While the hand steering the course may be new, all indications suggest the destination will likely be the same. A report released this week suggests B.C.’s auto insurance rates could increase by as much as 30 per cent in the next two years.
The province’s new Attorney General David Eby was quick to downplay the report by Ernst & Young, saying “a 30 per cent rate increase will not be happening on our watch.” While the NDP government can certainly limit the amount of ICBC rate increases, there’s no escaping the underlying fact that there the province’s government-run auto insurance program is in serious need of an overhaul.
The report was commissioned by the previous Liberal government, which had long neglected the major work needed by the Crown corporation.
“ICBC has been careening toward a crisis over at least the last couple of years,” said Eby, who accused the previous government of using ICBC as a “bank machine” to help top up general revenue.
Eby’s first call to action is something the previous Liberal government long avoided: hiking the rates of drivers causing crashes. “Making them pay more because they are costing the system more just makes sense to us,” he said.
But ending the subsidy to B.C.’s worst drivers won’t be enough to reverse the problems caused through years of neglect by the previous government.

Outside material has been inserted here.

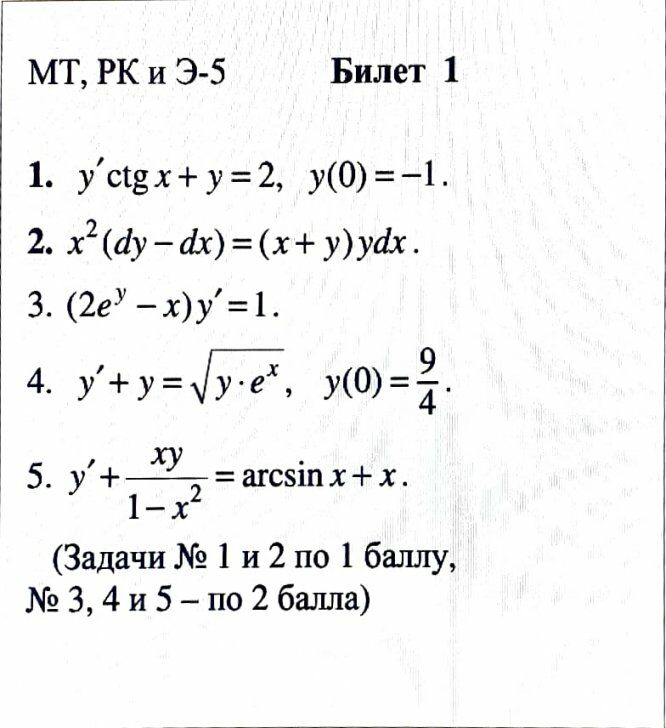 Для студентов МГТУ им. Н.Э.Баумана по предмету Интегралы и дифференциальные уравнения (ИиДУ)Билеты КР №2 по диффурам (для МТ, РК, Э-5)Билеты КР №2 по диффурам (для МТ, РК, Э-5)

The province has brought about minor adjustments to ICBC, most recently when the previous government announced cars worth more than $150,000 would no longer be covered.
But that will do little to turn the corporation’s fortunes around. The Ernst & Young report says accident rates increased by 23 per cent between 2013 and 2016, and that vehicle repair costs have skyrocketed to a total of $1.5 billion in 2016. That’s more than a bit of tinkering can repair.
After enjoying a monopoly over the province’s auto insurance market for more than four decades, perhaps the time has come to let B.C. drivers shop around. It’s an idea the new NDP government should at least take out for a test drive.